= Pierre Étienne Rémillieux =

French painter

Pierre Étienne Rémillieux (1811–1856) was a French painter.

Rémillieux was born in Vienne, Isère. He was a pupil of Claude Bonnefond and Augustin Thiérrat in the École nationale des beaux-arts de Lyon.
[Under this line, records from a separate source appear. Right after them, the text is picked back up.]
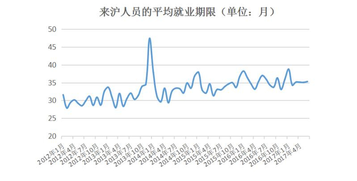 从来沪人员的平均就业周期来看,截至2017年6月,在沪登记就业的外省市户籍来沪人员的平均就业期限为35.3个月,与五年前同期水平相比上升了6.8个月,总体而言有逐年增长的态势。调查数据则显示,在当前单位就业6个月以上的来沪人员约占89.9%,来沪人员在沪就业的稳定程度不断提高。
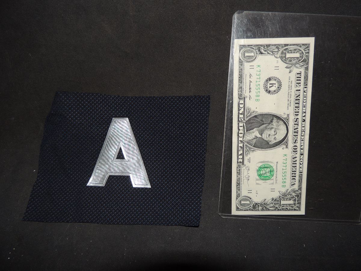 This is a production original A glyph from CAPTAIN AMERICA'S helmet.
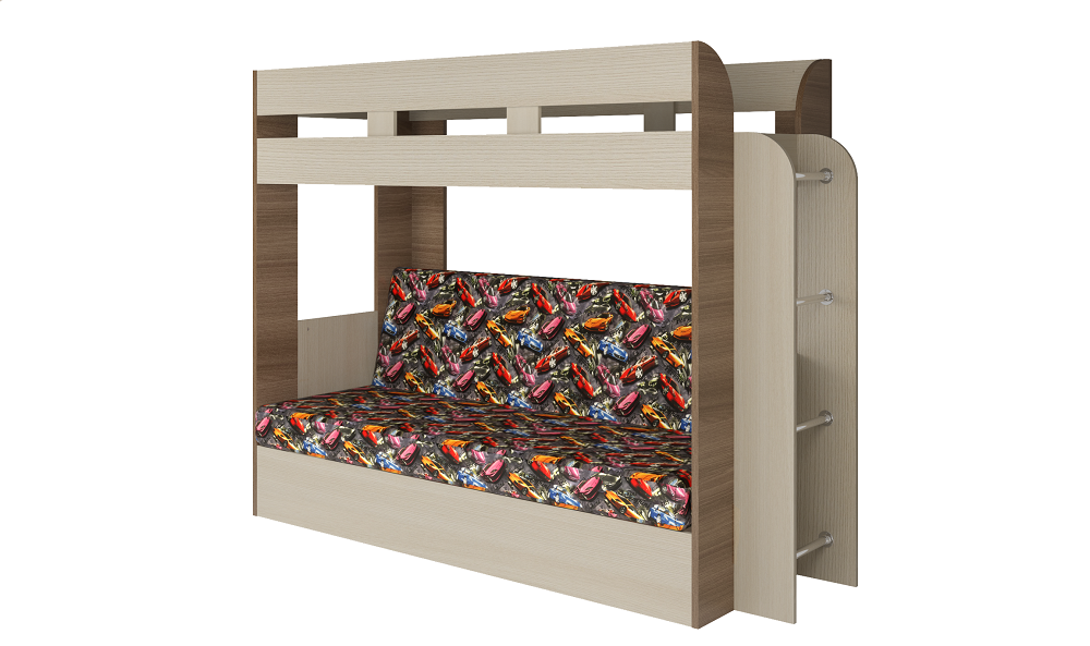 - Кровать двухъярусная Карамель 75 Ясень Машинки
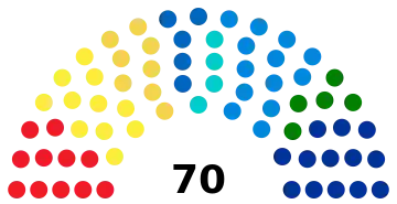 | 70 sièges de l'Assemblée régionale (Majorité absolue : 36 sièges) | ||||||||||||||
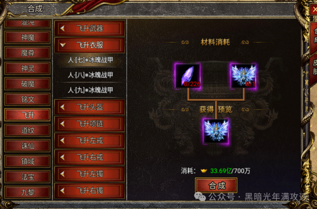 大家想要获得飞升装备,可以通过挑战飞升大陆里的各种BOSS获取合成材料,再加上材料重铸石后进行合成获得。重铸石可以通过运营活动、飞升宝库、高级飞升装备熔炉等途径获取。

He exhibited in the Salon de Paris (1841–1855), where he was awarded a third-class medal in 1841 and a second class one in 1847. He died in Lyon.

== Museums ==

- Lyon, Musée des Beaux-Arts, Groupe de fleurs dans une coupe de fleurs, Fleurs et fruits.
- Montpellier, Musée Fabre, Vase de Fleurs.

== Auctions ==

- Paris, 18 /12/ 1995, Enfant posant devant une balustrade et tenant un arc et une flèche, huile sur toile, 23,000 FF.
- New York, Sotheby's, 24 /10/ 1996 Poire, pêches et prunes sur un entablement, huile sur toile, $9200.

== Sources ==

- Gazette des Beaux-Arts, 1861, volume 10, 104, 165.
- Elisabeth Hardouin-Fugier et Etienne Graffe, Les Peintres de fleurs en France de Redouté à Redon, Les Éditions de l’amateur, Paris, 1992.